Uterine cancer — also called endometrial cancer because that is the most common type — is one of the few cancers in the U.S. that’s increasing in incidence, growing by about 1 percent each year in white women and by about 2 to 3 percent in women of all other racial and ethnic groups, according to a 2024 report from the American Cancer Society.
This year, an estimated 67,880 new cases of uterine cancer will be diagnosed in the U.S., up from what Memorial Sloan Kettering Cancer Center in New York City says was roughly 35,000 in 1987. The majority of these cases will be in women over 50. This “steady increase” has been especially noticeable in the past 10 years, says Pamela T. Soliman, M.D., a professor in the department of gynecologic oncology and reproductive medicine at MD Anderson Cancer Center in Houston. “We are definitely well aware of it,” she says.
Equally concerning is the increasing death rate. While survival rates for most cancers have improved in recent decades, the opposite is happening for uterine cancer. Since the mid-2000s, the death rate has risen by about 1.7 percent each year, the American Cancer Society says.
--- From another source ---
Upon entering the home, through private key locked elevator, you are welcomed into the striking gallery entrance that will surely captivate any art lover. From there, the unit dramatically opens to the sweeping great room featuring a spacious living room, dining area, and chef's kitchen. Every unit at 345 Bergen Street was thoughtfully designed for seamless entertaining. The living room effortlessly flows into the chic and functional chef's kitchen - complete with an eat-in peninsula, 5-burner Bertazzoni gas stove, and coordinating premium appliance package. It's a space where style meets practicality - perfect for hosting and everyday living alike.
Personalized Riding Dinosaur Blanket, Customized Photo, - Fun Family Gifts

And studies have found that Black women are twice as likely to die from uterine cancer than patients from other racial and ethnic groups.
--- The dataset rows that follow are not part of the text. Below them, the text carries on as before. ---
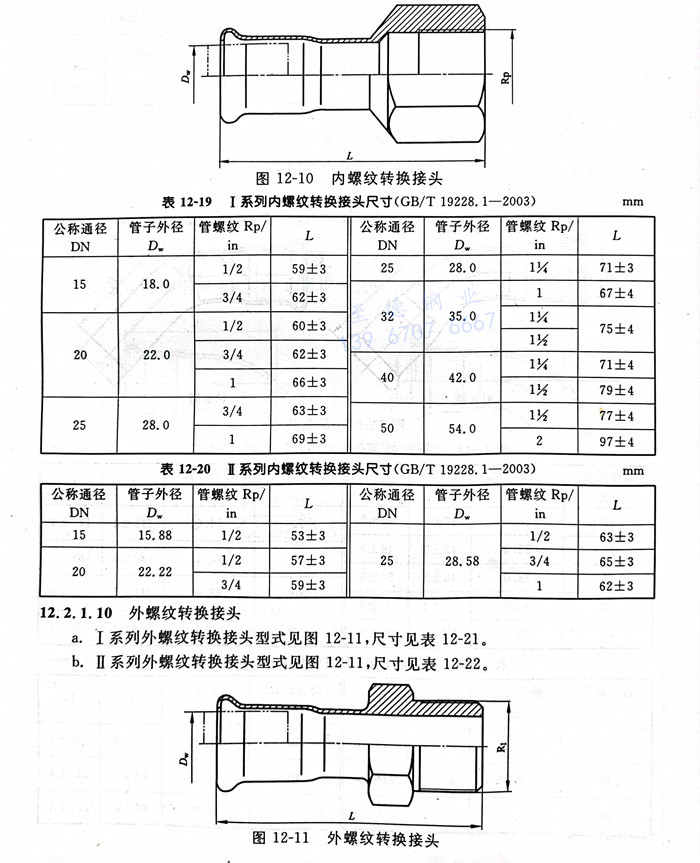 a.Ⅰ系列內螺(luo)紋(wen)轉換接(jie)頭型式見圖12-10,尺寸見表12-19。
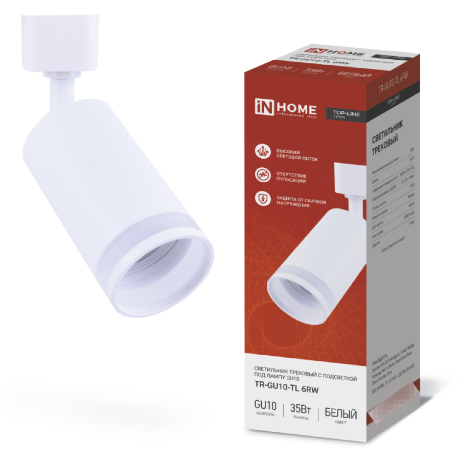Трековое освещение IN HOME TR-GU10-TL выделяется своими характеристиками:
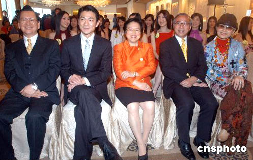 2005年度國際華裔小姐競選大會評判由陳有慶博士、歌影紅星劉德華、譚惠珠太平紳士、胡經昌太平紳士及影星葉童(左起)擔任。

This year, the disease is expected to kill 13,250 U.S. women.
What is uterine cancer?
Uterine cancer occurs when the cells in the uterus grow out of control. There are two types.
- Endometrial: The most common type of uterine cancer is also called endometrial cancer because it forms in the lining of the uterus, called the endometrium.
- Uterine sarcoma: Rarer is uterine sarcoma, which is often more aggressive and harder to treat. This type typically forms in the muscle layer of the uterus.
Source: CDC/National Cancer Institute
“I would call this a public health emergency, with the rising cases and the poor survival,” Matulonis says. “We all should be worried about this.”
Obesity may be contributing to climb in cases
There are likely “a number of different factors” contributing to the troublesome trends, Soliman says. A big one, doctors and scientists say, is the growing prevalence of obesity, which affects nearly 43 percent of U.S. women age 60 and older, according to the Centers for Disease Control and Prevention.
Fat cells are not dormant, Soliman explains. They secrete chemicals and can change other hormones in the body into estrogen, the American Cancer Society says. And higher than usual estrogen levels can lead to some types of cancer, including uterine. (This is why women taking estrogen as part of hormone replacement therapy for menopause symptoms are often also prescribed progesterone or progestin to balance out estrogen levels and offset any increased risk for endometrial cancer.)